La narración de Mateo resulta muy reducida en comparación con el
texto más antiguo de Marcos (20 versículos, frente a 7 de Mateo). No hay en
ella detalles descriptivos de la curación, ni de lo que ocurrió después. Todo
se centra en la persona de Jesús. El endemoniado de Gerasa del texto de Marcos
se convierte en dos endemoniados de Gadara, según Mateo. La región es la misma,
la Decápolis, en Transjordania, territorio de paganos en el que no se conoce a
Dios y el mal actúa libremente. Y la intención es la misma: demostrar que
también allí la acción salvadora triunfa. Jesús destruye de raíz el mal y
disipa nuestros miedos porque ha vencido al príncipe de este mundo, que tenía
el poder de la muerte.
En muchas
culturas antiguas ciertas enfermedades orgánicas o mentales, que impresionan
por la forma estremecedora con que perturban al paciente, se atribuían a
influjos diabólicos. La creencia en la presencia y actuación masiva de
espíritus y demonios formaba parte de la cultura de muchos pueblos.
En la Biblia,
y en los evangelios en particular, los endemoniados
eran personas que padecían la acción del espíritu adversario, mentiroso y
creador de división. Sus víctimas quedaban escindidas, separadas de su yo auténtico,
agresivas hasta dar miedo, como dejadas de la mano de Dios, sin que nadie
pudiera hacer nada para liberarlas.
En el fondo de
estas creencias, sin embargo, había un contenido de verdad innegable: la
enfermedad es algo que Dios no puede querer porque trastorna el orden de su
creación y daña a sus criaturas. Además, la teología subyacente a este tipo de
relatos evangélicos resalta el hecho de que diversas curaciones realizadas por Jesús
manifestaban a los ojos de la fe el poder salvador de Dios que vence a Satán,
rompe las cadenas de la gente, le quita poder determinante al mal sobre la
existencia humana y abre para todos nuevas posibilidades de vida. Jesús mismo
hacía ver que esas acciones eran signos del triunfo del amor salvador de Dios: Si expulso los demonios con el dedo de Dios,
es que el reino de Dios ha llegado a ustedes” (Mt 12,28; Lc 11,20).
Jesús vino a
exorcizar este mundo en el que el mal y el pecado actúan a veces en grados
tales que pueden parecer invencibles y llenar el ánimo de la gente de pesimismo
o de resignación fatalista.
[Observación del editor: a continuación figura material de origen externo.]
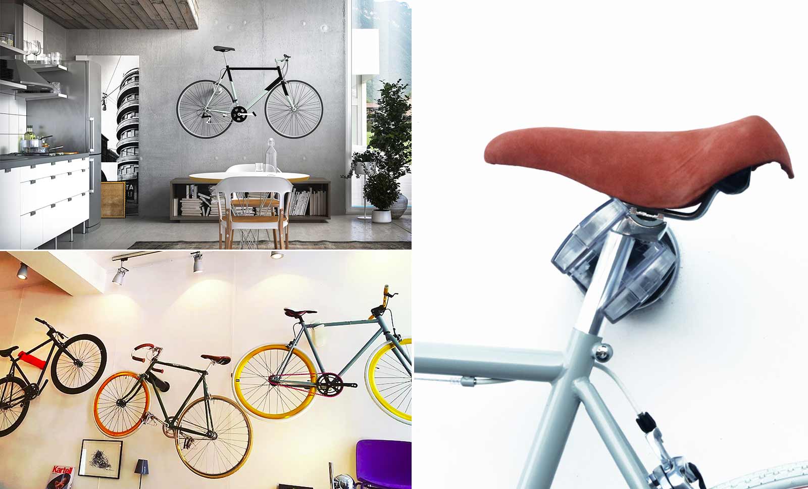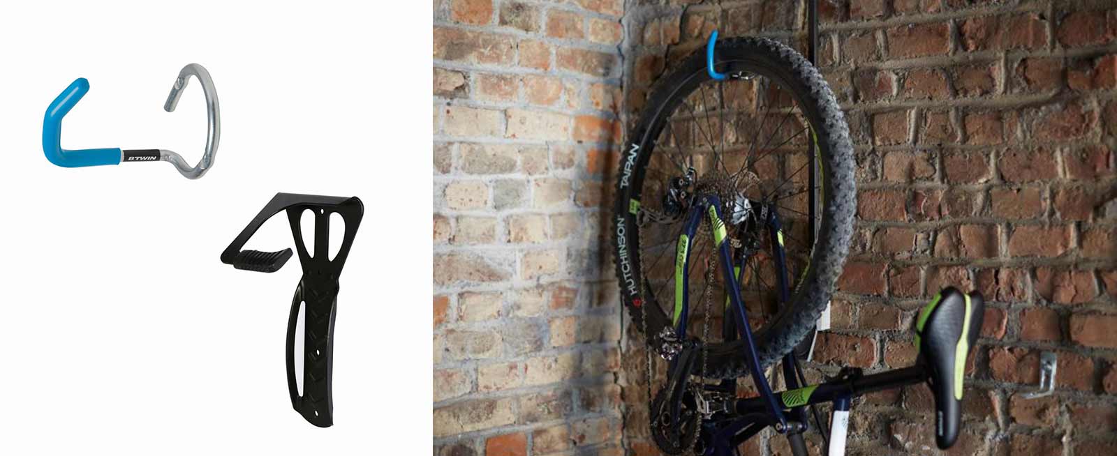 Pendurar bicicleta na parede, na vertical, é um óptima solução, amplamente utilizada tanto por profissionais como em garagens. São fáceis de aplicar e poupam espaço no solo.

La posesión diabólica significa una existencia
humana agredida hasta el riesgo de ser destruida, echada a perder, sin futuro,
como sometida a poderes malignos que pueden conducirla a la muerte y a la
perdición. Pues bien, del temor a esos poderes ha venido Jesús a liberarnos.
Más aún, aunque
la acción de los espíritus diabólicos, cuyos síntomas –como puede verse en el
pasaje del exorcismo del niño en Mateo 17, 14-27– podrían hacer pensar hoy en
epilepsia o alguna enfermedad psiquiátrica, no dejan de ser un signo
especialmente sugerente, una llamada de atención a nuestra sociedad frente a realidades
de este mundo a las que los hombres se someten hasta ofrecerles sacrificios inimaginables
y quedar «poseídos» por ellas, enfrentados a Dios, a los demás, a la
naturaleza, y a sí mismos.
Esas
realidades son los demonios hostiles a Dios, los «ídolos» o «poderes y
potestades» (1Cor 8,5; 15,24), de que
nos habla el Nuevo Testamento.
¿Qué tenemos que ver nosotros contigo, Hijo de Dios?,
preguntan los demonios. Nada,
absolutamente nada tienen en común. Y así tiene que ser también para nosotros: no
hay lugar para componendas porque podemos caer en el engaño. El espíritu del
mal tienta con falacias y razones aparentes sobre la verdadera seguridad, eficacia,
éxito y felicidad. Un no decidido y
cortante es la mejor forma de enfrentarlo. ¿Has
venido a atormentarnos antes de tiempo?, dirá también el mal espíritu, como
si ahora no fuese el tiempo de enfrentarlo y fuese mejor posponer la lucha o la
determinación que debes tomar. En tiempos de Jesús se
creía que la victoria definitiva sobre el mal sólo se produciría al final de
los tiempos; pero con la presencia de Cristo el tiempo se ha cumplido, hoy es el
tiempo de la salvación. Ahora puede actuar en nosotros la gracia que libera.
Finalmente no
hay que olvidar que estas acciones de Jesús se nos confían. A sus discípulos,
núcleo germinal de su Iglesia, les dio
poder (autoridad) sobre los espíritus
inmundos para expulsarlos y para sanar toda enfermedad y dolencia (Mt 10,1).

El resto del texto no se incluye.